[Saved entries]

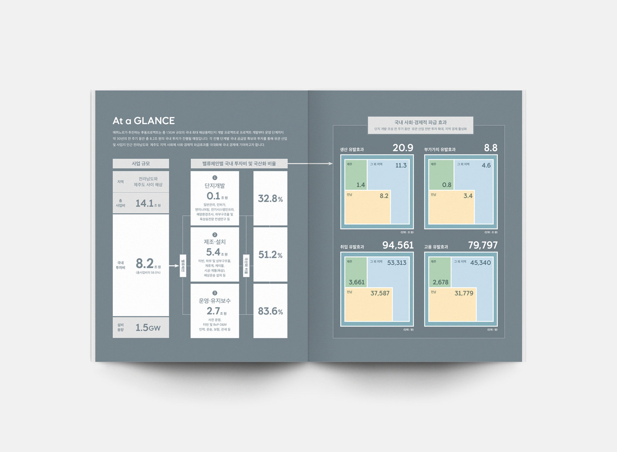 ● 사업 단계별 임팩트 수치, 통계 중심 구성, 인포그래픽 스타일 개발, 키 비주얼 요소로 활용
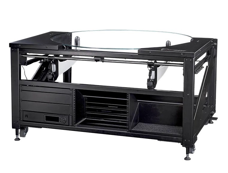 1.2.2. Both versions of the Centerless Table feature a rotating glass plate that fits into the top center of the device frame. There are then adjustable feet at the bottom of the machine for setting up a precise working plane.
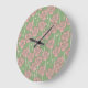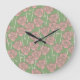 Green Pink Rose Retro Y2K 70s Flower Pattern Large Clock
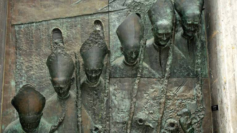 Odrasli medtem opazujejo druge stvari: tako je lani bilo v ospredju njegova mitra, torej pokrivalo, ki je bilo brez križa, simbola krščanstva.
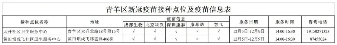 青羊区新冠疫苗接种点位安排
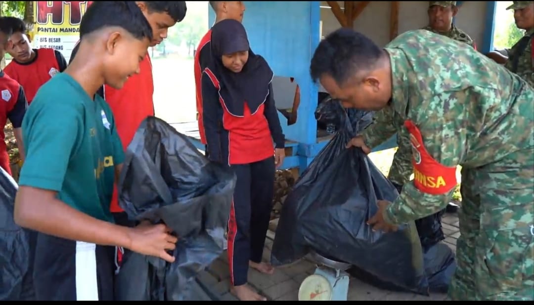 “Kami siapkan hadiah makanan ringan bagi para pelajar yang mengumpulkan sampah. Setelah ditimbang dan diketahui beratnya, kami langsung berikan hadiah,”ungkap Serka Saffrudin.
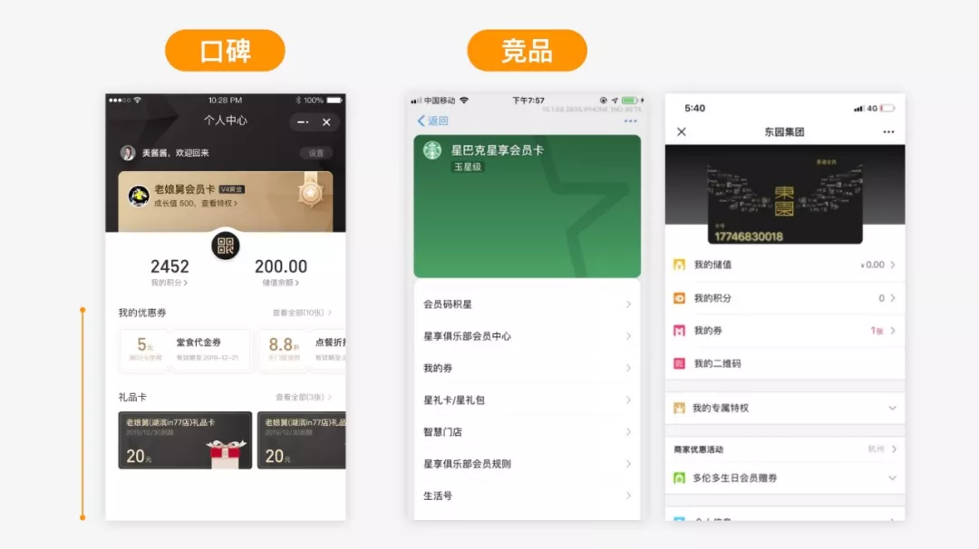 会员的个人中心页提供了各个资产管理的入口,区别于市面上竞品对资产入口的处理,我们将信息层级进行了扁平化处理,前置透出各类权益,让用户对权益资产有明确的感知,促进用户到线下进行核销。

## Task item
Give the records again exactly as they stand, so that only the pictures are missing.

## Task answer
 ● 사업 단계별 임팩트 수치, 통계 중심 구성, 인포그래픽 스타일 개발, 키 비주얼 요소로 활용
 1.2.2. Both versions of the Centerless Table feature a rotating glass plate that fits into the top center of the device frame. There are then adjustable feet at the bottom of the machine for setting up a precise working plane.
 Green Pink Rose Retro Y2K 70s Flower Pattern Large Clock
 Odrasli medtem opazujejo druge stvari: tako je lani bilo v ospredju njegova mitra, torej pokrivalo, ki je bilo brez križa, simbola krščanstva.
 青羊区新冠疫苗接种点位安排
 “Kami siapkan hadiah makanan ringan bagi para pelajar yang mengumpulkan sampah. Setelah ditimbang dan diketahui beratnya, kami langsung berikan hadiah,”ungkap Serka Saffrudin.
 会员的个人中心页提供了各个资产管理的入口,区别于市面上竞品对资产入口的处理,我们将信息层级进行了扁平化处理,前置透出各类权益,让用户对权益资产有明确的感知,促进用户到线下进行核销。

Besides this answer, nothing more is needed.